→ What the task asks
Please restate exactly the lines from the one holding "root@kali:~# unshadow /etc/passwd" to the end of the material, including both ends and excluding every picture.

:: Exercise material ::

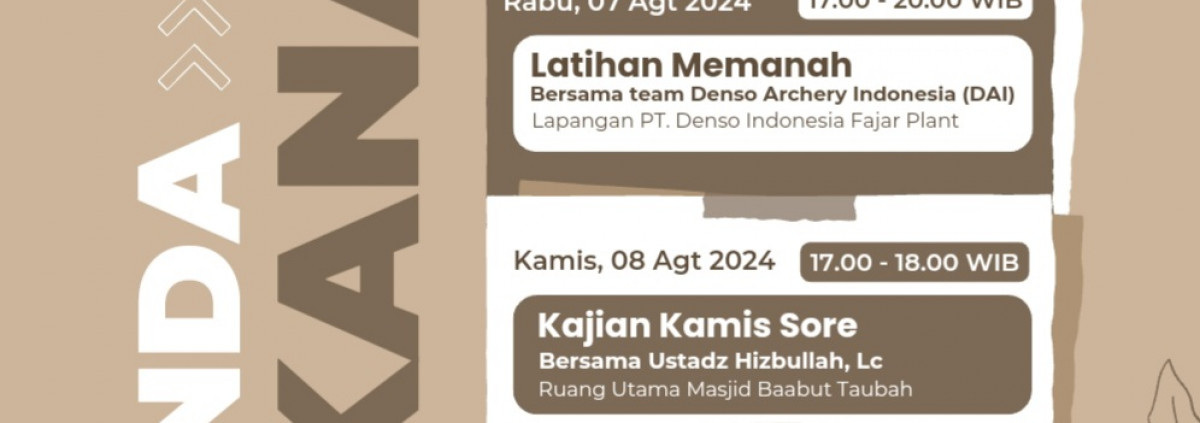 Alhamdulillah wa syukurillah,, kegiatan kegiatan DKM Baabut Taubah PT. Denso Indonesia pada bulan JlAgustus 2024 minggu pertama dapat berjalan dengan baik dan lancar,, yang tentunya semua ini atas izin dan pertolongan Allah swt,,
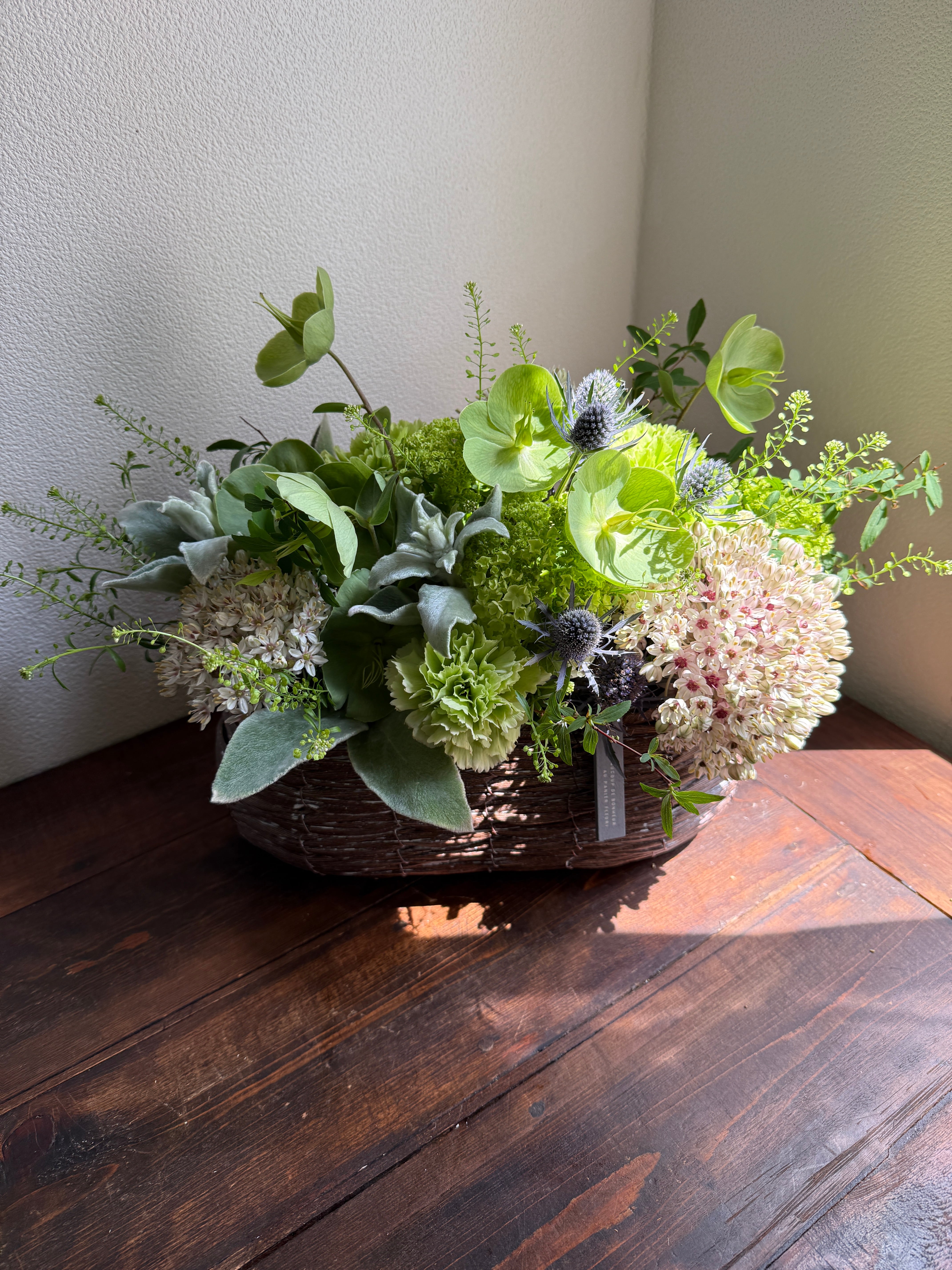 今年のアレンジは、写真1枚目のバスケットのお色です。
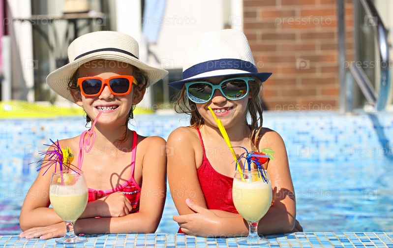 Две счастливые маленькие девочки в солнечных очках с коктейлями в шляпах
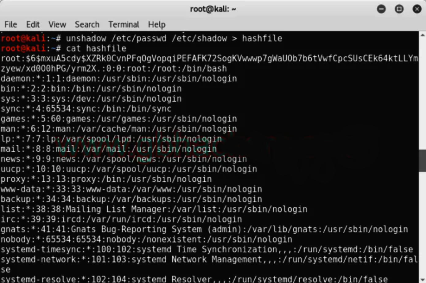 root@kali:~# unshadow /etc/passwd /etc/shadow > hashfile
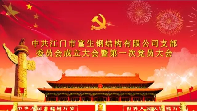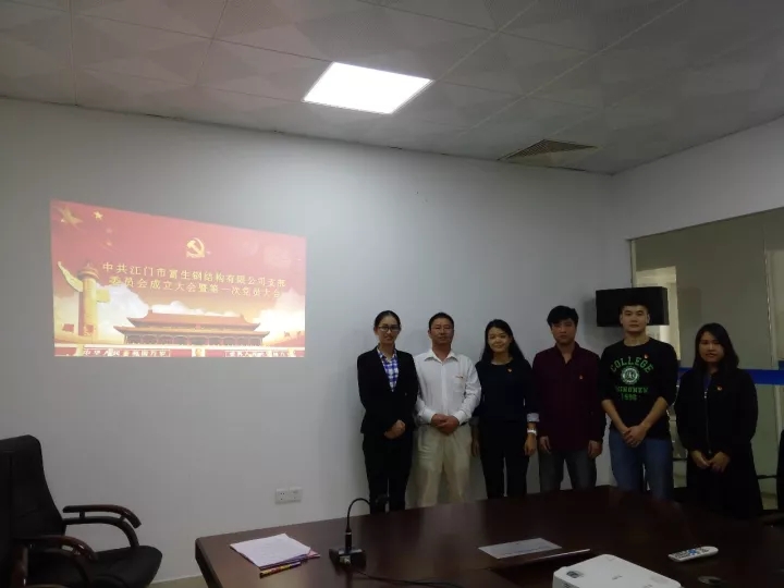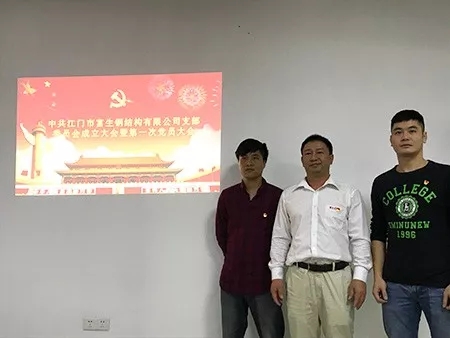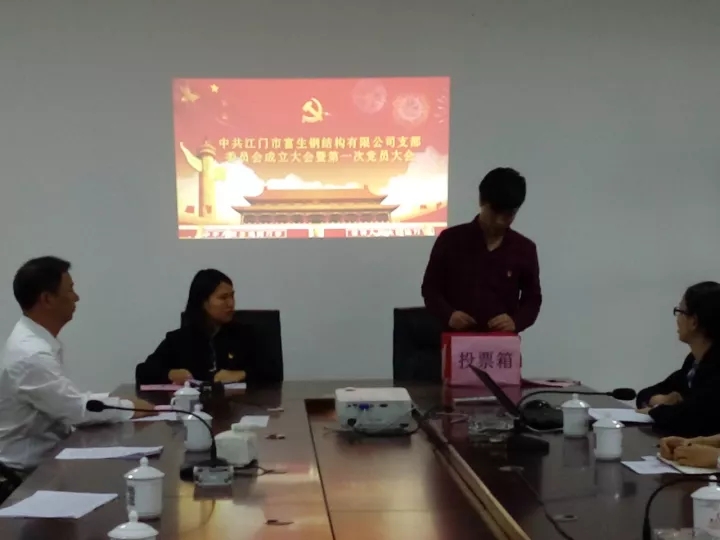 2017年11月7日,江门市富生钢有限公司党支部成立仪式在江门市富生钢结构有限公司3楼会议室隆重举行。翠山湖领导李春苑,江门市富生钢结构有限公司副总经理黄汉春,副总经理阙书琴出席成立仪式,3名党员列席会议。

:::

→ Output of the exercise
 root@kali:~# unshadow /etc/passwd /etc/shadow > hashfile
 2017年11月7日,江门市富生钢有限公司党支部成立仪式在江门市富生钢结构有限公司3楼会议室隆重举行。翠山湖领导李春苑,江门市富生钢结构有限公司副总经理黄汉春,副总经理阙书琴出席成立仪式,3名党员列席会议。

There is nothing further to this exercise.